Class-action lawsuit claimed Sprint and executives falsified synergy claims

Sprint has reportedly agreed to pay a $131 million settlement on a class-action lawsuit that claimed the carrier and executives had defrauded investors going back to its $35 billion acquisition of Nextel Communications.

According to Reuters, the settlement resolves claims that former Sprint CEO Gary Forsee and other officials “fraudulently inflated the company’s stock and bond prices between October 2006 and February 2008.” The lawsuit claims Sprint had falsely claimed it would garner billions of dollars in savings from the combination of the nation’s No. 3 and No. 6 mobile operators.

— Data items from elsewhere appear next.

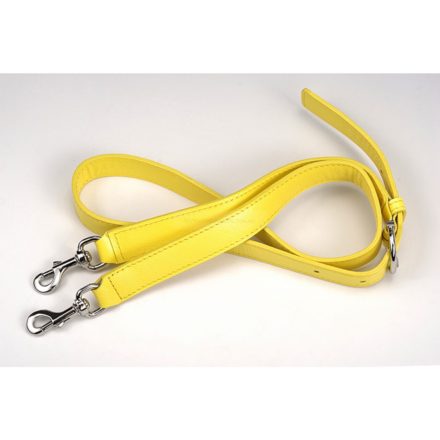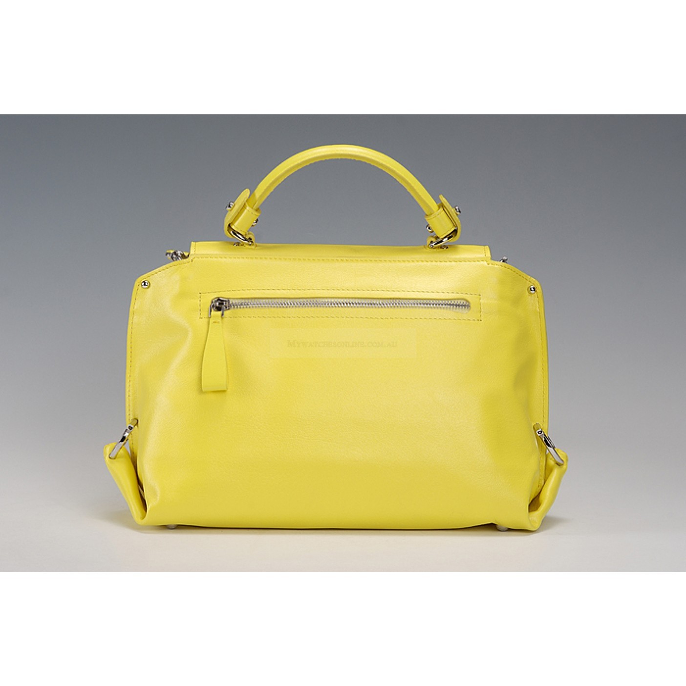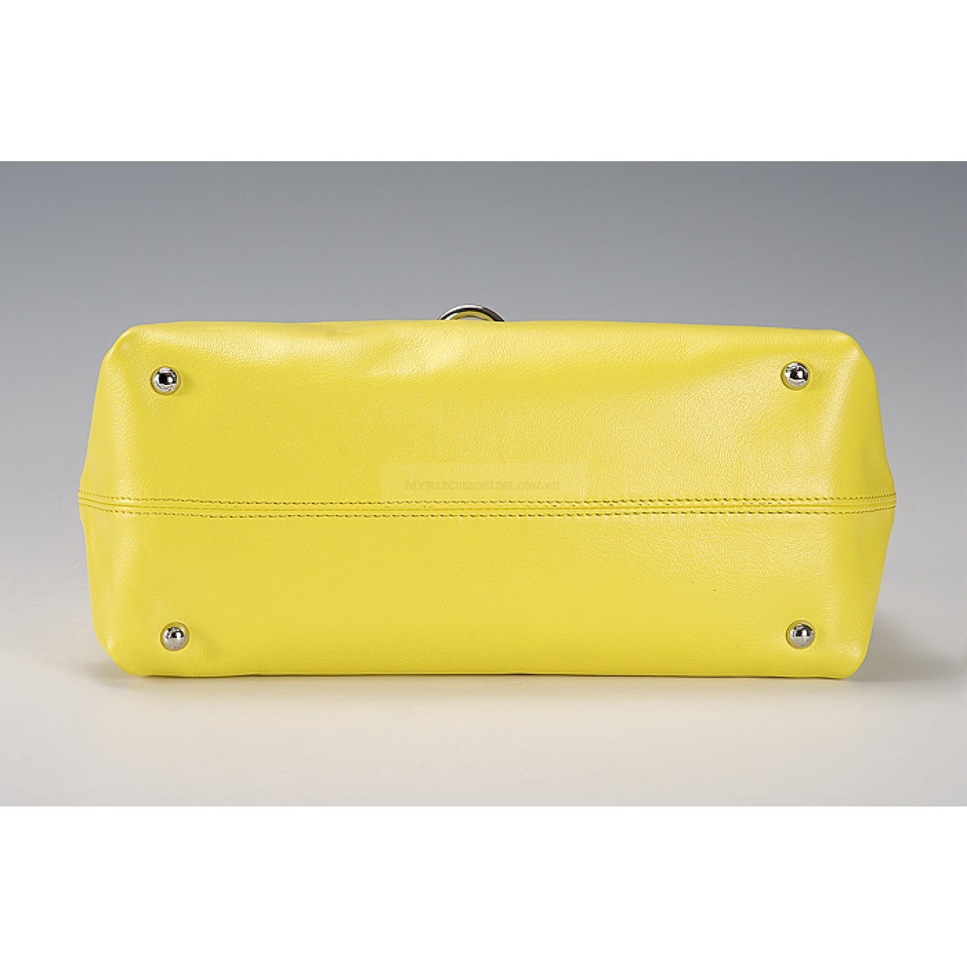 Description A smart-design handbag with polished white metal trimmings adding beauty to the yellow cowhide leather
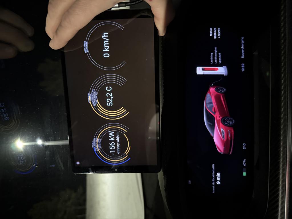 Vid närmare 50% när batterivärmen vart off en stund så gick 156kW in i bilen och, i vart fall avrundat, lika mycket in i batteriet.
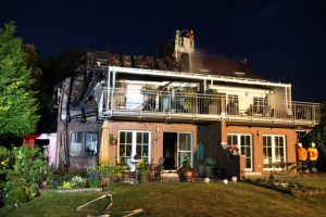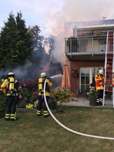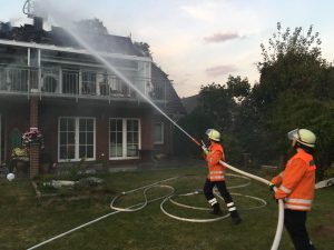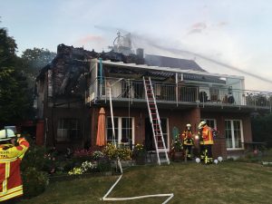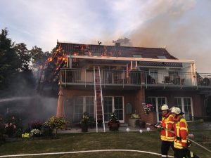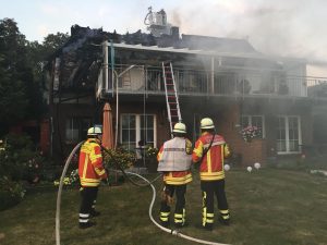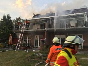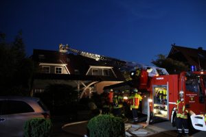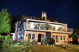 Metzendorf Hoher Sachschaden entstand bei Brand eines Doppelhauses am Mittwochabend in der Metzendorfer Straße im Seevetaler Ortsteil Metzendorf. Dorthin waren um 18.24 Uhr die Freiwilligen Feuerwehren aus Beckedorf/Metzendorf und Fleestedt durch die Winsener Rettungsleitstelle zu einem vermeintlichen Schuppenbrandalarmiert worden. Schon afu der Anfahrt konnten sich die Einsatzkräfte an einer dichten Rauchentwicklung über der Brandstelle orientieren. Beim Eintreffen der ersten Einsatzkräfte brannte ein direkt an das Doppelhaus mit vier Wohnpartien angrenzender Schuppen in voller Ausdehnung, das Feuer hatte auch schon auf den Dachstuhl übergegriffen, Teile der Wohnung und der Dachstuhl brannten ebenfalls in voller Ausdehnung. Unverzüglich wurde eine Nachalarmierung weiterer Feuerwehren aus Hittfeld und LIndhorst sowie wenig später aus Moor vorgenommen. Auch die Drehleiter der Feuerwehr Meckelfeld kam zum Einsatz. In Spitzenzeiten waren 90 Feuerwehrleute der sechs Feuerwehren unter der Leitung von Beckedorfs Ortsbrandmeister Mathias Schwab im Einsatz. Mit einem von mehreren Seiten vorgetragenen Löschangriff gingen die Einsatzkräfte zur Brandbekämpfung vor. 20 der eingesetzten Feuerwehrleute gingen dabei unter umluftunabhängigen Atemschutz vor. Mit Hilfe von sechs C-Strahlrohren sowie einem Wenderohr über die Drehleiter wurde die Brandbekämpfung durchgeführt, der Feuerwehr gelang es dabei, das Feuer auf den Dachstuhl der einen Doppelhaushälfte sowie die darunter liegende Wohnung zu begrenzen. Für die Absuche nach weiteren Brandnestern mussten aber große Teile auch des anderen Dachstuhls geöffnet werden. Mit Hilfe mehrerer Wärmebildkameras wurde immer wieder eine Kontrolle durchgeführt. Bis in die späten Abendstunden hinein dauerten die Nachlöscharbeiten an. Eine Hausbewohnerin erlitt bei dem Einsatz einen Schwächeanfall, sie musste mit einem Rettungswagen in ein Krankenhaus gebracht werden. Durch das Feuer wurde das Gebäude unbewohnbar, die Wohnung im Dach samt Dachstuhl brannte aus, die drei andreen Wohnungen wurden durch Rauch, Russ und Löschwasser in Mitleidenschaft gezogen. Die Polizei hat die Brandstelle beschlagnahmt und wird nach Abkühlen der Brandstelle mit den Ermittlungen zur genauen Brandursache und zur Höhe des entstandenen Sachschadens beginnen. Die brandbetroffenen Bewohner wurden anderweitig untergebracht.
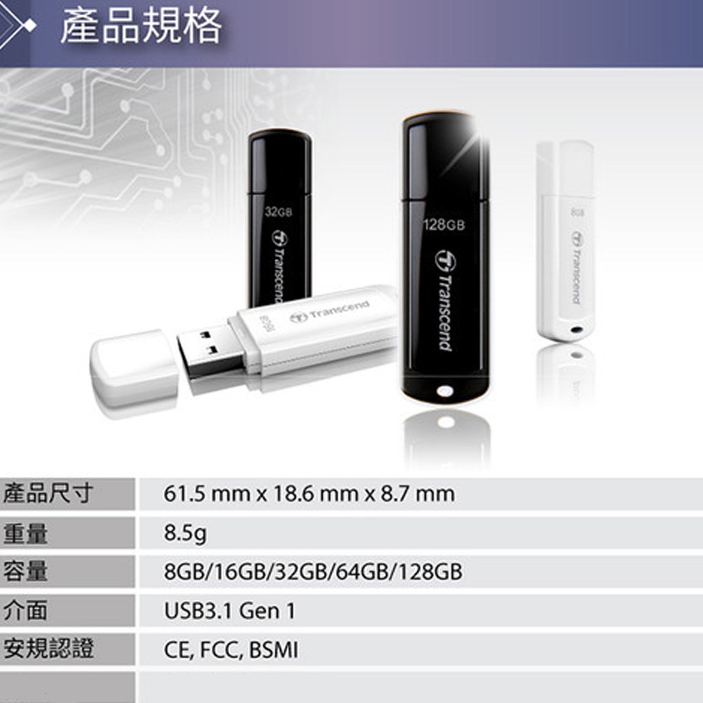 Transcend 創見 JetFlash 730 32G 隨身碟,白色外觀簡約時尚,是您儲存資料的理想選擇。採用USB 3.1 Gen 1高速傳輸介面,讓您能快速傳輸檔案,節省寶貴時間。32GB容量可儲存大量文件、照片、影片等資料,滿足您的日常需求。五年保固讓您安心使用,品質有保障。輕巧便攜的設計,方便您隨身攜帶,隨時隨地存取資料。
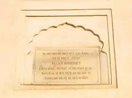 Moorcroft was born in Ormskirk, Lancashire, the illegitimate son of Ann Moorcroft, daughter of a local farmer.[1] He was baptised in 1767 in St Peter & St Paul, the Parish Church of Ormskirk, where there is a commemorative plaque to his life. His family had sufficient means to secure an apprenticeship with a surgeon in Liverpool but during this time an unknown disease decimated cattle herds in Lancashire and young William was recruited to treat stricken animals. His proficiency so impressed the county landowners they offered to underwrite his education if he would abandon surgery to attend a veterinarian college in Lyon, France. He arrived in France in the revolutionary year of 1789 and became the first Englishman to qualify as a veterinary surgeon. On completing his course he began practice in London, established a "hospital for horses" on Oxford Street, helped found the first British veterinary college, proposed new surgical methods for curing lameness in horses, and acquired four patents on machines to manufacture horseshoes.[1] In 1795, Moorcroft published a pamphlet of directions for the medical treatment of horses, with special reference to India, and in 1800 a Cursory Account of the Methods of Shoeing Horses.[2]
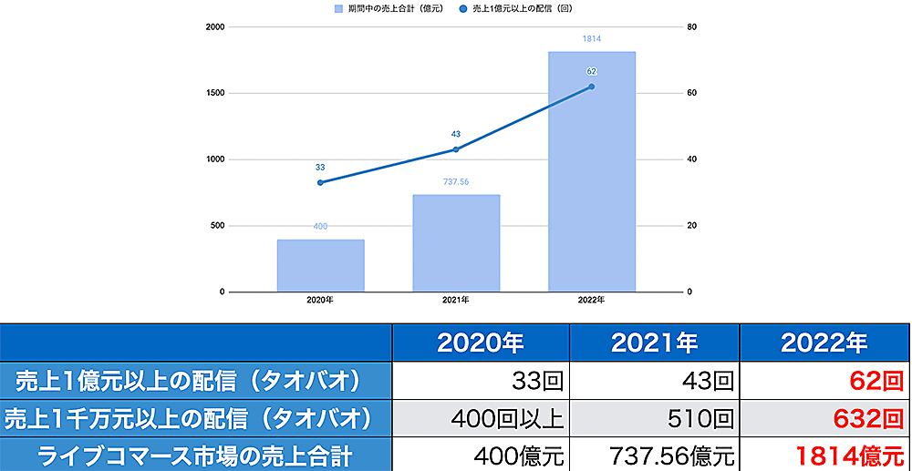 上の図は数年前から中国のネット通販に大きな影響を与えているインフルエンサーのライブコマースの表です。
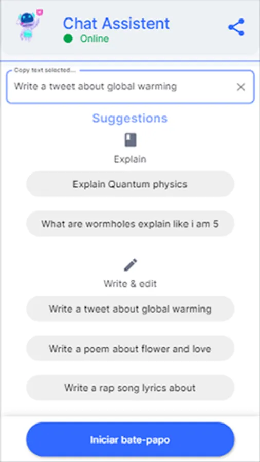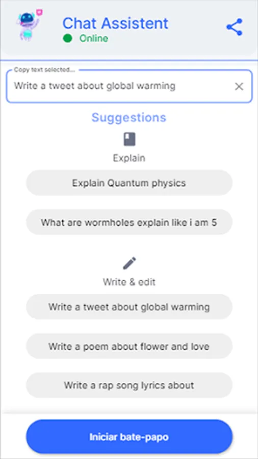 Chat Assistant AI: The app uses Chat GPT 3.5 Turbo model. Get instant and smart answers with AI Chat! Experience the future with our Chat Assistant AI, powered by ChatGPT 3.5 turbo technology, offering interactive and fun conversations that will make you more productive. So if you are a tech enthusiast, professional or looking for a personal AI assistant.

Sprint at the time the deal was announced in late 2004, said the combination would deliver more than $12 billion in operating cost and capital investment savings through the reduction of cell sites and switches; a reduction in capital expenditures; migrating Nextel’s backhaul traffic to Sprint’s long-haul infrastructure; consolidated customer care, billing and information technology costs; reduced sales and marketing costs; and lower general and administrative costs.

However, Sprint struggled to integrate the Nextel assets, which included its iDEN network that garnered strong loyalty from business customers, but was incompatible with Sprint’s legacy CDMA operations. Sprint also had trouble keeping customers as it moved to tighten credit limits on its CDMA business to better align operations.

Forsee was eventually forced to resign in late 2007, bowing to shareholder pressure in the face of poor performance. Less than three years after the deal closed, Sprint was forced to write down $29.5 billion in losses tied to the deal.